E contando que os brasileiros não têm memória, defendeu, na mesma entrevista à TV, nesta terça, que a vacina da Pfizer "tem mais credibilidade" que a CoronaVac.

5% não querem vacina e 7% creem que a Terra é plana

Isso contrasta com o que afirmou em 17 de dezembro do ano passado sobre o imunizante: "Se você virar um jacaré, é problema de você. Se você virar Super-Homem, se nascer barba em alguma mulher aí ou algum homem começar a falar fino, eles [Pfizer] não têm nada a ver isso".

Caso Bolsonaro não tivesse negado ao longo do segundo semestre as ofertas de venda de milhões de doses da Pfizer e do Instituto Butantan, teríamos começado a vacinação ainda em dezembro. E dezenas de milhares de pessoas que contraíram a covid-19 não precisariam ter morrido.

Bolsonaro continua governando para o naco de 15% do bolsonarismo-raiz, porque são eles que vão às ruas, a pé, de moto ou de carro, para mostrar que ele tem apoio. E são eles que vão ajudar a inundar as redes e aplicativos de mensagens com conteúdo falso na eleição do ano que vem. E são eles que vão começar tumultos caso seu líder perca nas urnas. Em nome de sua reeleição, topa tudo. Inclusive continuar sabotando a vacinação.

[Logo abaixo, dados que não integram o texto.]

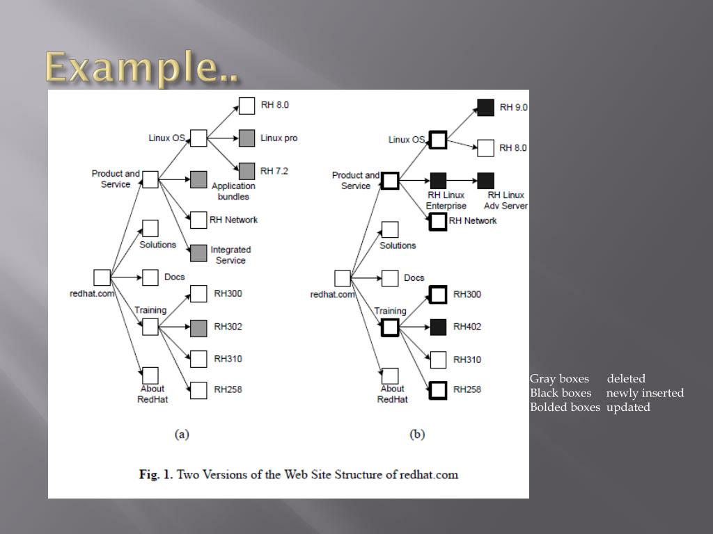 Example.. Gray boxes deleted Black boxes newly inserted Bolded boxes updated

Por fim, uma curiosidade: em julho de 2019, o Datafolha perguntou qual o formato do planeta. Enquanto 90% declararam que a Terra é redonda, 7% dos entrevistados afirmam que ela é plana. Número próximo dos 5% que não querem vacina.

Esses levantamentos trazem um alerta sobre a descrença na ciência. O que pode trazer graves consequências para a saúde das pessoas.

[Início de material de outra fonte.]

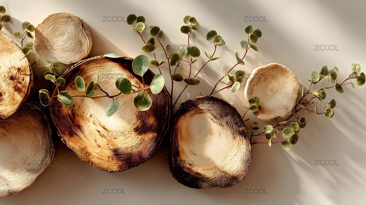 木纹年轮与绿叶装饰

Quando estamos tratando de um esforço que envolveu milhares de pessoas, realizado com respeito ao método científico, com batalhões de testes, publicização de dados, debate entre os pares, discussão global de resultados, em um dos maiores esforços da história humana para encontrar produtos que ajudassem no combate à pandemia, a tentativa de sabotagem de vacina é realmente um crime contra a humanidade.

Considerando que o presidente da República é Jair Bolsonaro, estamos até no lucro com esses 5%. E com os 7% também.